Maar met de Koran is het anders: er zijn tegenwoordig duizenden edities. Alleen al uit Cairo zijn er tien belangrijke uitgaven van de Warš lezing.
Here two images from a 1929 Cairo Warš Edition ‒ without a title page, as was common at the time:
And here from two of the oldest al-Qahira publishers, i.e. not from Bab al-Khalq, al-Faggala, from Bulaq or even Giza but from "behind" al-Azhar:
Apart from these 100% Cairo Editions, there are editions conceaved in Morocco resp. Algeria,
but produced in Cairo ‒ the Moroccan ones without production place, the Algerian ones with an
Algerian publisher's name. (Only the third edition of the third sherifian muṣḥaf was
produced in Morocco.)
Er is niet meer "de editie van Caïro" dan er "de Ayatollah" of "de roman van Parijs" is.
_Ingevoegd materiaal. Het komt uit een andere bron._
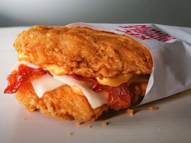Τι είναι: Σάντουιτς χωρίς ψωμί. Στη θέση του ψωμιού, δυο ζουμερές φέτες τηγανητού κοτόπουλου. Μέσα, μια τεράστια φετα μπέικον, τυρί και ντομάτα, για το ξεκάρφωμα.

Alleen drukwerkspecialisten zijn geïnteresseerd in drukwerk (hoeveel regels per pagina, hoeveel pagina's per ǧuz, aanduiding van chronologie, saǧadat, sakatāt, typografie, kalligrafie...). Curanaloogen zijn geïnteresseerd in de rasmen, de verzendingen, de orthografie.
Zelfs als we alleen kijken naar de belangrijkste Ḥafṣ uitgaven, zijn er enkele uit 1881, 1890, 1924, 1952, 1975, 1976. Zelfs de uitgaven van de Amīriyya uit 1926 en 1929 verschillen van de Gizeh-prent uit 1924.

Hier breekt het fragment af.